Two federal judges this week appeared inclined to let a parallel homebuyer antitrust case against several brokerages move toward settlement, mostly denying plaintiffs who have fought to block or consolidate the competing litigation.
The controversy came after Anywhere Real Estate struck a $9.6 million settlement in a copycat case that lawyers in the original and largest homebuyer lawsuit—known as Batton—argue is “collusive” and fails to properly compensate buyers who were allegedly harmed by inflated real estate commissions.
In hearings on consecutive days, judges in both the Tuccori v. At World Properties case and the Batton litigation denied or expressed deep skepticism toward a series of requests—including a bid to intervene in Tuccori, a request to reassign the Tuccori cases to the Batton court and a motion for a preliminary injunction.
Batton lead counsel Randall Ewing also claimed that the Tuccori plaintiffs had begun reaching out to settle parties “such as” those brokerages named in Batton. That, he said, was exactly why the court needed to act now on the class counsel question.
In the Tuccori case before Judge Lindsay C. Jenkins on Wednesday, the court denied the Batton plaintiffs’ motion to intervene without elaborating on her reasoning from the bench.
Representing Anywhere Real Estate, Attorney Aaron Daniel Van Oort offered the court a broad defense of how his client and other defendants arrived at a settlement in the case, and pushed back sharply on the Batton plaintiffs’ attempt to assert themselves into it.
Van Oort framed the litigation as the “second wave” of real estate antitrust suits, explaining that the first wave—brought by home sellers as direct purchasers of brokerage services—was largely resolved through settlements reached nearly three years ago. Those settlements, he said, covered not only direct purchaser claims but also 75%-79% of the indirect purchaser claims now at issue, which belong to homebuyers.
He argued that the Batton plaintiffs have repeatedly tried to relitigate those already-settled claims. More recently, Judge LaShonda Hunt threw out their motions to certify a class and appoint lead attorneys in the Batton case itself, finding they were attempting to pursue claims that had already been released.
“They’re trying to litigate claims that were enjoined,” Van Oort told the court.
In the separate Batton proceedings on Thursday, Hunt denied both the motion to reassign the Tuccori cases and the Batton plaintiffs’ motion for a preliminary injunction, and signaled significant skepticism toward a new motion to appoint Batton plaintiffs as “interim class counsel” overseeing settlements across multiple cases.
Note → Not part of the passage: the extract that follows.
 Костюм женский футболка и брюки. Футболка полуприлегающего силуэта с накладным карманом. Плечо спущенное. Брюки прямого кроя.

On reassignment, Hunt said the cases are in different places procedurally and declined to pull the cases away from Jenkins.
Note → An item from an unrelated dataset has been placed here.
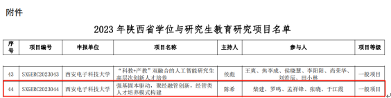 为助力陕西省研究生教育高质量发展,推动研究生教育理论研究及创新,陕西省学位与研究生教育研究中心于今年5月组织开展2023年陕西省学位与研究生教育研究项目申报工作。经学院审核、学校推荐、专家盲审、会议评审等多重把关,立项结果已于近日公布。由公司陈希教授主持申报的研究生教改项目《强基固本驱动,聚经融管创新,经管类人才培养模式构建》获批立项。
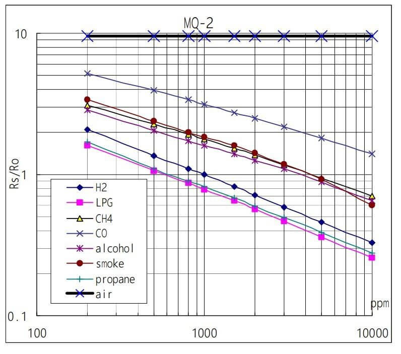 Los módulos MQ son sensibles a más de un gas y en diferente proporción a cada uno, por lo que si el objetivo eso obtener los valores en unidades correspondientes a la concentración del gas medido es necesario hacer un proceso de escalado mediante software a partir de la curva característica de sensibilidad (disponible en la hoja de datos)

On the preliminary injunction, Hunt said the Batton plaintiffs have an adequate remedy in the ability to object at the Tuccori fairness hearing, and denied the motion.
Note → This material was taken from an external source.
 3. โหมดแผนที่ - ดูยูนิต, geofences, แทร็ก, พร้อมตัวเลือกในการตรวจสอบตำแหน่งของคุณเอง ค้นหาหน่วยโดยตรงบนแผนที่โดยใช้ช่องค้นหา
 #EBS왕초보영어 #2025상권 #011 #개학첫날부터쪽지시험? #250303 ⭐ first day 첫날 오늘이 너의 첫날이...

The interim class counsel motion drew the most skepticism.
Hunt questioned why it was being filed now, given that Tuccori has been pending since 2024. Ewing argued it was urgently needed to prevent two sets of plaintiffs’ lawyers from simultaneously negotiating with the same defendants—a dynamic he said harms the class.
Hunt said she’d allow both sides to file written arguments but wasn’t inclined to act while the Tuccori settlement process plays out.
Anywhere’s counsel also asked the court to stay all remaining litigation against it in Batton, arguing its homebuyer claims are now fully resolved between the Tuccori and Burnett settlements. Hunt encouraged the parties to confer first.